= George Glas =

George Glas (1725 – 30 November 1765) was a Scottish seaman and merchant adventurer in West Africa.

The son of John Glas, the divine, Glas was born at Dundee in 1725, and is said to have been brought up as a surgeon.
He obtained command of a ship which traded between Brazil, the northwest coasts of Africa and the Canary Islands.

During his voyages he discovered on the Western Sahara seaboard a river navigable for some distance inland, and here he proposed to found a trading station.
The exact spot is not known with certainty, but it is plausibly identified with Gueder, possibly the haven where the Spaniards had in the 15th and 16th centuries a fort called Santa Cruz de Mar Pequeña.

Glas made an arrangement with the Lords of Trade whereby he was granted £15,000 if he obtained free cession of the port he had discovered to the British crown; the proposal was to be laid before Parliament in the session of 1765.
Having chartered a vessel, Glas, with his wife and daughter, sailed for Africa in 1764, reached his destination and made a treaty with the Moors of the district. He named his settlement Port Hillsborough, after Wills Hill, earl of Hillsborough (afterwards marquis of Downshire), president of the Board of Trade and Plantations (1763–1765). In November 1764, Glas and some companions, leaving his ship behind, went in the longboat to Lanzarote, intending to buy a small barque suitable for the navigation of the river on which was his settlement. From Lanzarote he forwarded to London the treaty he had concluded for the acquisition of Port Hillsborough. A few days later he was seized by the Spaniards, taken to Tenerife and imprisoned at Santa Cruz de Tenerife. In a letter to the Lords of Trade from Teneriffe, dated 15 December 1764, Glas said he believed the reason for his detention was the jealousy of the Spaniards at the settlement at Port Hillsborough because in a time of war the English might ruin their fishery and effectually stop the whole commerce of the Canary Islands.

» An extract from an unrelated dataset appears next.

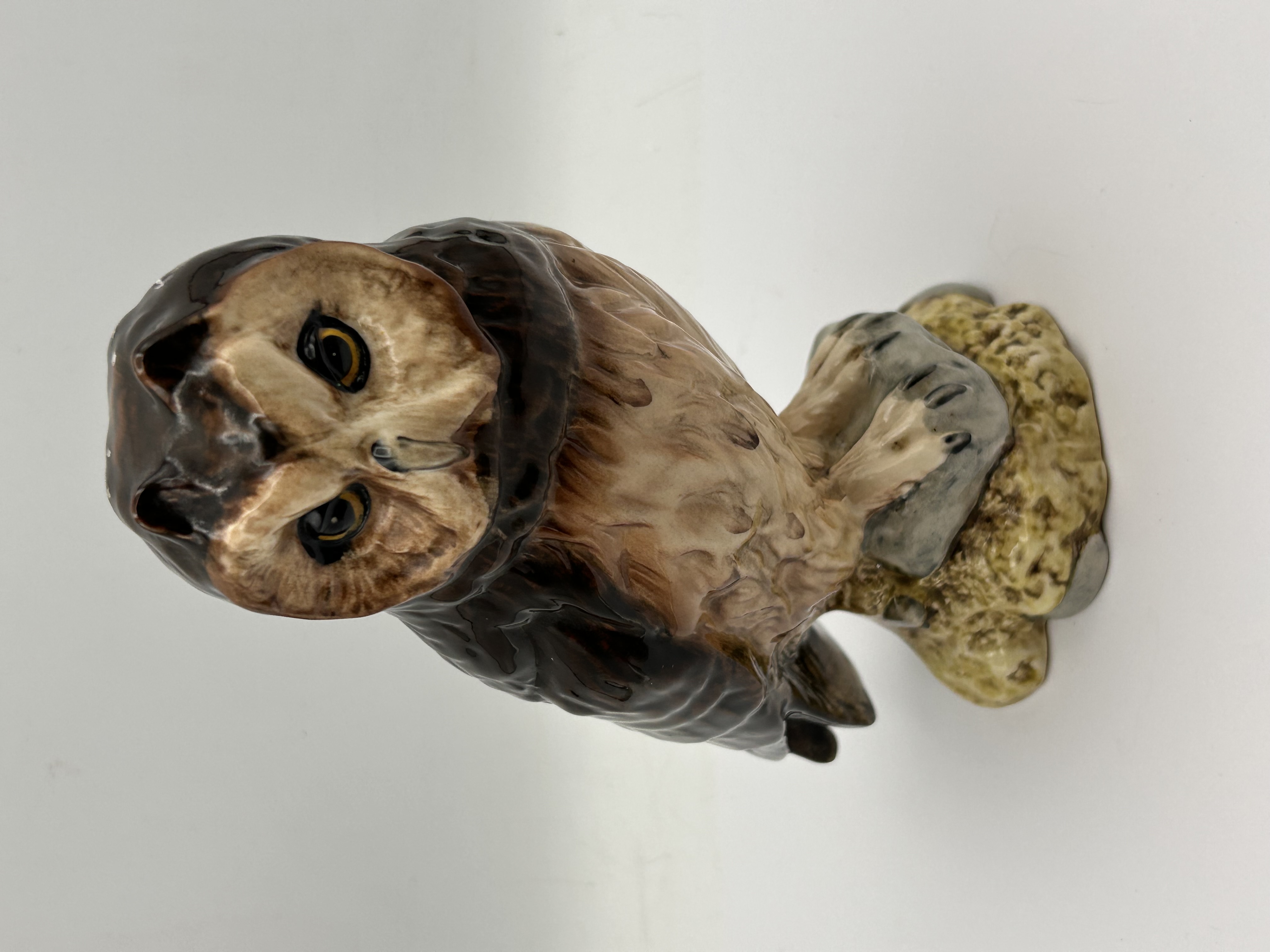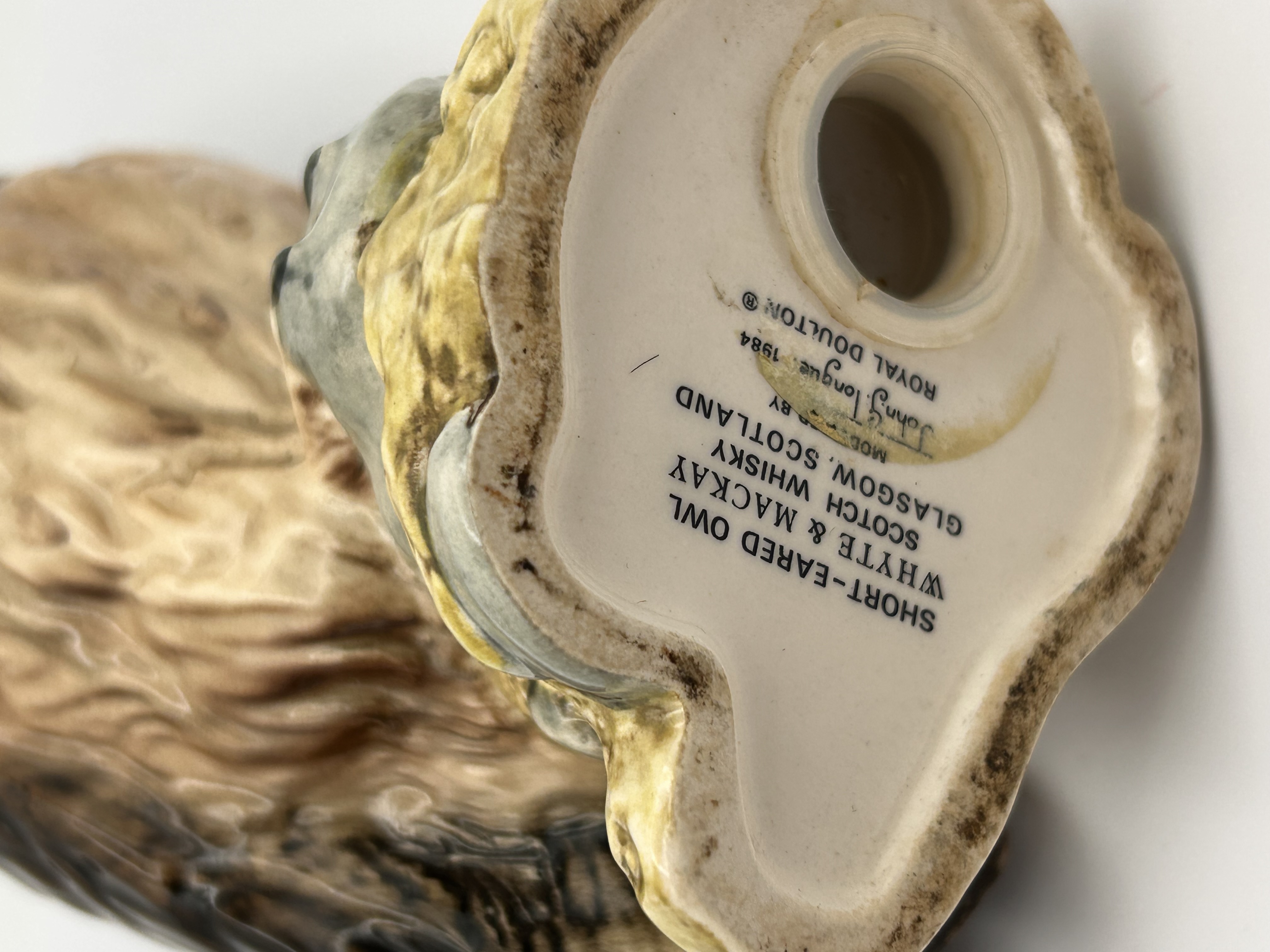 A single glazed ceramic decanter modeled by Royal Doulton for Whyte & Mackay Scotch Whisky. The piece is sculpted in the form of a Short-Eared Owl perched on a textured rocky base. The figurine is executed in naturalistic colors, including high-gloss browns, tans, creams, and beige glazes. The base includes an opening designed for a stopper, confirming its function as a decanter or flask for spirits. The underside is extensively marked with stamped text, including the model name “SHORT-EARED OWL,” the commissioner “WHYTE & MACKAY SCOTCH WHISKY, GLASGOW, SCOTLAND,” the modeler “MODELED BY John T. Tongue 1984,” and the official Royal Doulton mark.

The Spaniards further looked upon the settlement as a step towards the conquest of the islands. They therefore contrived how to make out a claim to the port and forged old manuscripts to prove their assertion (Calendar of Home Office Papers, 1760-1765). In March 1765 the ships company at Port Hillsborough was attacked by the natives and several members of it killed. The survivors, including Mrs and Miss Glas, escaped to Tenerife. In October following, through the representations of the British government, Glas was released from prison. With his wife and child he set sail for England on board the barque Earl of Sandwich. On 30 November British mariners George Gidley, Richard
St. Quinton, Peter McKinlie and a Dutchman Andres Lukerman, who had learned that the ship contained much treasure, mutinied, killing the captain and passengers. Glas was stabbed to death, and his wife and daughter thrown overboard. The murderers were afterwards captured and hanged at Dublin. There is some evidence to suggest that Robert Louis Stevenson based his novel Treasure Island in part on the murders of the Glas family. He grew up in the shadow of the Glasite church in Edinburgh. After the death of Glas the British Government appears to have taken no steps to carry out his project.

In 1764, Glas published in London The History of the Discovery and Conquest of the Canary Islands, which he had translated from the manuscript of an Andalusian monk named Juan de Abréu Galindo, then recently discovered at La Palma. To this Glas added a description of the islands, a continuation of the history and an account of the manners, customs, trade, etc., of the inhabitants, displaying considerable knowledge of the archipelago.